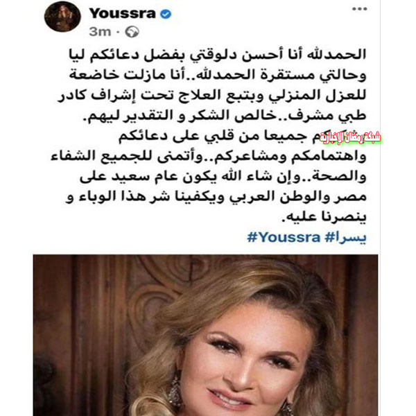 وكتبت عبر صفحتها بموقع فيس بوك: الحمد لله أنا أحسن دلوقتي بفضل دعائكم ليا وحالتي مستقرة الحمد لله.. أنا مازلت خاضعة للعزل المنزلي وبتبع العلاج تحت إشراف كادر طبي مشرف.
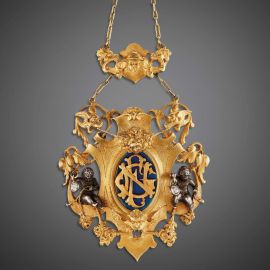in oro giallo 18kt, con pendente a forma di blasone recante al centro un monogramma su sfondo in smalto blu, affiancato da due putti in acciaio che trattengono ghirlande e diamanti taglio vecchio per ct 0.20 circa, firmata "R.Luca", lungh. cm 46,5, gr. 24
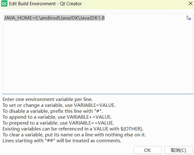 输入JAVA_HOME=E:\andirod\JavaJDK\JavaJDK1.8
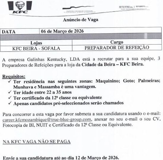 Para concorrer a esta vaga por favor submeta a sua candidatura usando o e-mail: career.kfcmozambique@true-blue-group.com, anexar no seu e-mail o seu CV. Fotocopia de BI, NUIT e Certificado da 12ª Classe ou Equivalente.
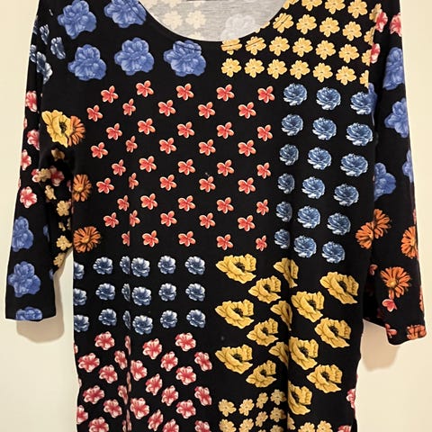 Cream Multifarvet Bluse i størrelse XL til kvinder. Blusen har et mønstret design med flere farver og en V-udskæring med sort kant. Viscose.

_ _ _ _ _

Your answer must be an exact copy of the lines from the line with "输入JAVA_HOME=E:\andir" to the final line of the data, both ends included, and no pictures.

 输入JAVA_HOME=E:\andirod\JavaJDK\JavaJDK1.8
 Para concorrer a esta vaga por favor submeta a sua candidatura usando o e-mail: career.kfcmozambique@true-blue-group.com, anexar no seu e-mail o seu CV. Fotocopia de BI, NUIT e Certificado da 12ª Classe ou Equivalente.
 Cream Multifarvet Bluse i størrelse XL til kvinder. Blusen har et mønstret design med flere farver og en V-udskæring med sort kant. Viscose.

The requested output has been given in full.